COLLECTED DATA =>
::::::

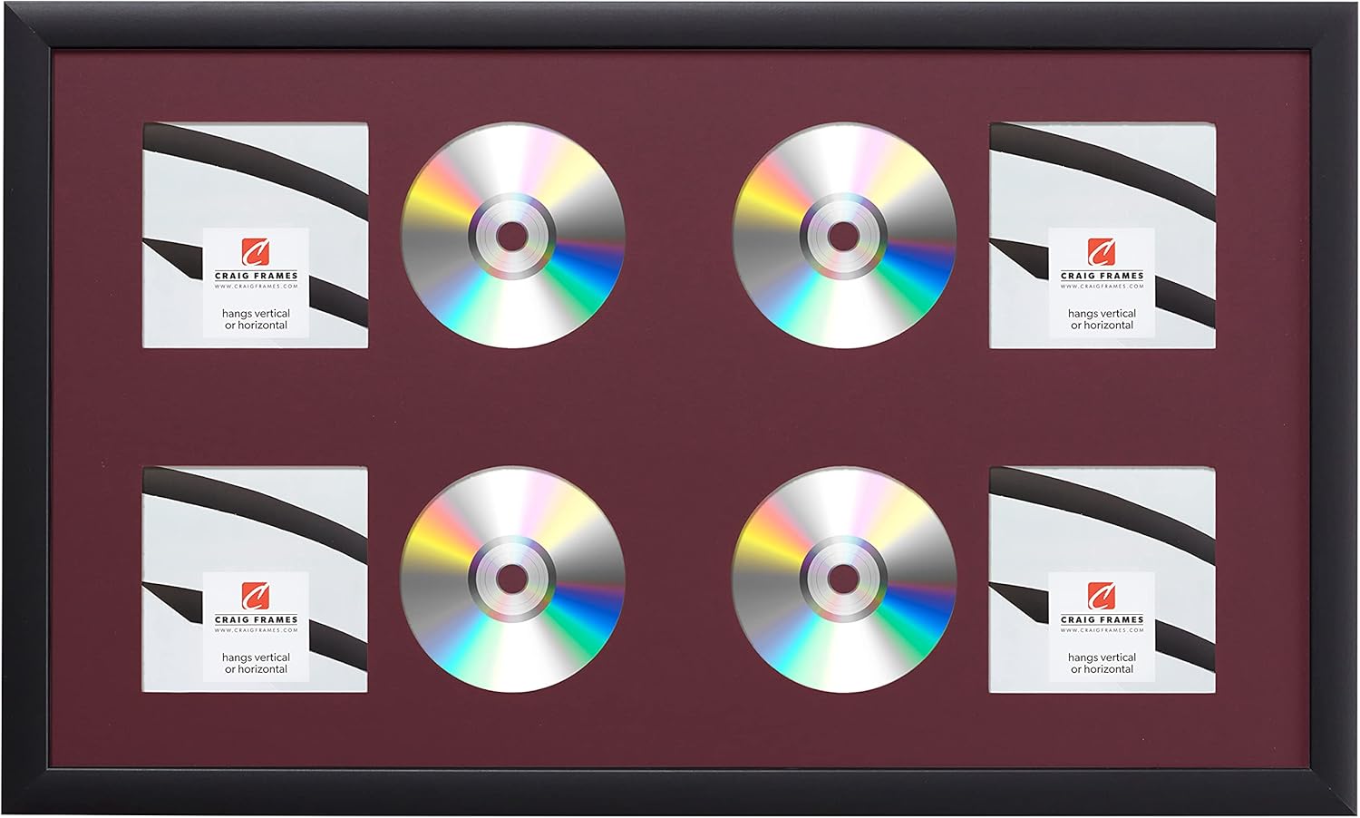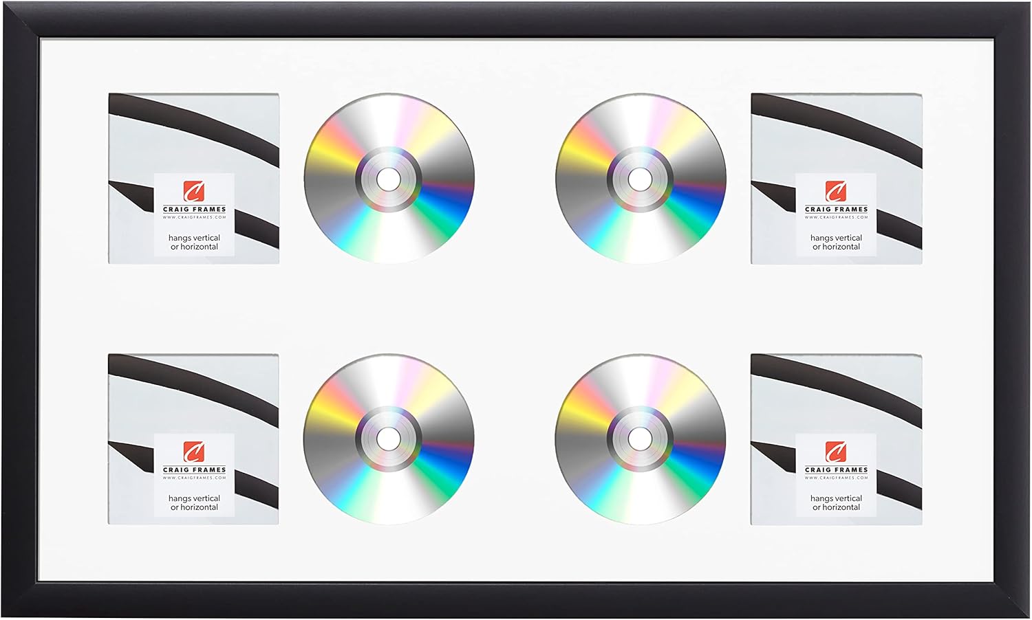 Display and protect your favorite CD's and cover art with our custom framed CD display mats. Our quality display mats are cut to securely hold standard size CD's and cover art booklets in place. The included black frame is built to hold the CD display matting, and comes complete with glass facing, rigid backing, and hanging hardware. (CD's and cover art shown are not included)
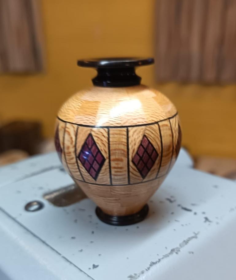 Andy arrived with his wife and thanked everyone for inviting him down for the evening, he explained that his forte’ was segmented turning and would show and describe how he made the individual segments for each piece that he made.
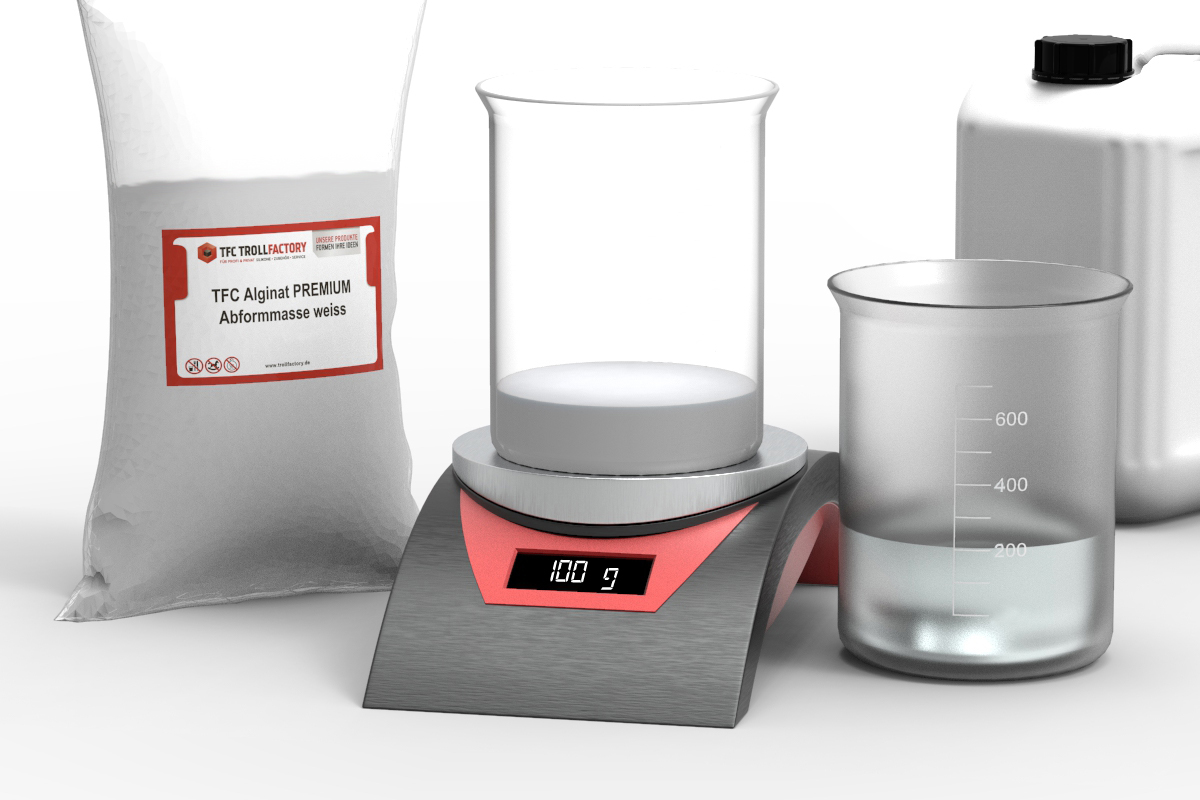 Das Alginat Abformset beinhaltet alles, damit Sie gleich nach dem Auspacken beginnen können.

::::::

TASK GOAL =>
Without the pictures, transcribe the lines from the one containing "Andy arrived with" through the end of the data, exactly and only those.

RESULT OF THIS TASK =>
 Andy arrived with his wife and thanked everyone for inviting him down for the evening, he explained that his forte’ was segmented turning and would show and describe how he made the individual segments for each piece that he made.
 Das Alginat Abformset beinhaltet alles, damit Sie gleich nach dem Auspacken beginnen können.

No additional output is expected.